After avoiding the water from the tee when he was 13, Mickelson found it as he approached the green and made bogies one after the other, although Oosthuizen dropped two shots at the same hole after finding the water too.

That meant that Mickelson led three punches and four punches to play.

Oosthuizen, whose only big win was at the 2010 Open, screwed 16th to keep the fight alive, but moments later Mickelson, who will turn 51 next month, hit the longest drive any player had that week the hole, about 366 yards, on its way to its own birdie.

Mickelson said he had fun this week, although the daunting par-3 17th wasn’t a pleasant one, but he could afford to drop a shot and go to the 18th with a two-stroke advantage.

Phil MickelsonUp to 10,000 fans were allowed on site on Kiawah Island every day

As his approach landed on the green, an exuberant crowd swarmed the fairway and Mickelson had to push through to reach the putting surface to finish off his historic win.

Koepka was disappointed with his putting on Saturday and also missed some close combat attempts in a final two-over-74 on Sunday.

He still had an outside chance of winning the tournament last but had to finish in the midst of Mickelson’s madness.

“It would have been cool if I hadn’t had a knee injury and fell on my knees a few times in that crowd,” said the four-time major champion, who took a few more minutes to make his way to the green .

“It’s cool for Phil. But getting dinged a few times isn’t exactly my idea of ​​fun.”

Harrington rolls back the years

Harrington and LowryHarrington and Lowry both scored 69 laps on the final day

An eagle at par-5 and a chip-in birdie on the 14th were the highlights of Ryder Cup European captain Harrington’s round as he rolled back in time to card a three-under-69 on Sunday and finishing fourth at two under par for a share.

This is the three-time major champion’s best result in a major since winning that event in 2008.

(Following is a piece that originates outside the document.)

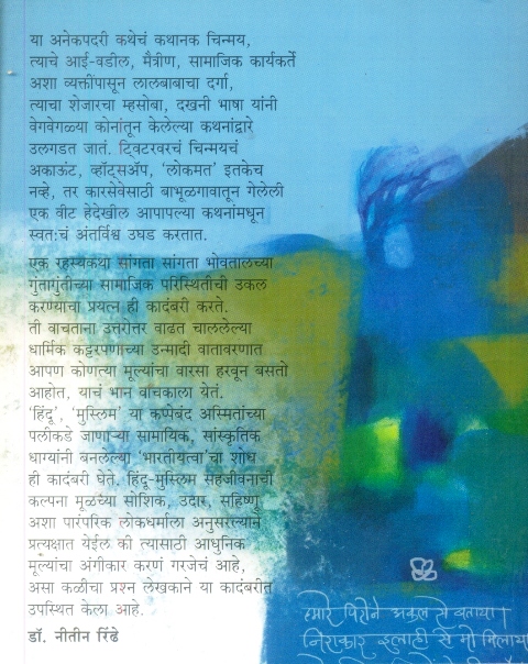 या अनेकपदरी कथेचं कथानक चिन्मय, त्याचे आई-वडील, मैत्रीण, सामाजिक कार्यकर्ते अशा व्यक्तीपासून लालबाबाचा दर्गा, त्याचा शेजारचा म्हसोबा, दखनी भाषा यांनी वेगवेगळ्या कोनांतून केलेल्या कथनांद्वारे उलगडत जातं. ट्विटरवरचं चिन्मयचं अकाऊंट, व्हॉट्सअॅप, ‘लोकमत’ इतकेच नव्हे, तर कारसेवेसाठी बाभूळगावातून गेलेली एक वीट हेदेखील आपापल्या कथनांमधून स्वतःचं अंतर्विश्व उघड करतात. एक रहस्यकथा सांगता सांगता भोवतालच्या गुंतागुंतीच्या सामाजिक परिस्थितीची उकल करण्याचा प्रयत्न ही कादंबरी करते. ती वाचताना उत्तरोत्तर वाढत चाललेल्या धार्मिक कट्टरपणाच्या उन्मादी वातावरणात आपण कोणत्या मूल्यांचा वारसा हरवून बसतो आहोत, याचं भान वाचकाला येतं.. ‘हिंदू’, ‘मुस्लिम’ या कप्पेबंद अस्मितांच्या पलीकडे जाणाऱ्या सामायिक, सांस्कृतिक धाग्यांनी बनलेल्या ‘भारतीयत्वा’ चा शोध ही कादंबरी घेते. हिंदू-मुस्लिम सहजीवनाची कल्पना मूळच्या सोशिक, उदार, सहिष्णु अशा पारंपरिक लोकधर्माला अनुसरल्याने प्रत्यक्षात येईल की त्यासाठी आधुनिक मूल्यांचा अंगीकार करणं गरजेचं आहे, असा कळीचा प्रश्न लेखकाने या कादंबरीत उपस्थित केला आहे.

The 49-year-old had a great time with fellow countryman Lowry and the Open Champion also scored a 69 to go under two.

“I don’t think I enjoyed a round of golf as much as I did with Shane,” said Harrington.

“It was amazing how relaxed I was from tee to green. When you have your head in the right place, it’s a lot easier to play good golf. It was a very nice pairing.”

Casey also shared fourth place and briefly threatened to start an early run with two consecutive birdies on two and three, but a total of five birdies were offset by four bogeys when he finished four off the lead.

Justin Rose failed to break par for the first three days, but scored one of the rounds of the day with a five-under-67 win that included eight birdies, a bogey and a double to put the Englishman under him for the tournament to let.

Northern Ireland’s Rory McIlroy was unable to tame the Ocean Course as he did on his 2012 win.

Jordan Spieth’s waiting time to end the Grand Slam career continues after finishing one behind Japanese Masters champion Hideki Matsuyama with two above-average results, while US Open champion Bryson DeChambeau with one final day 77 to three above-average Values ​​fell off.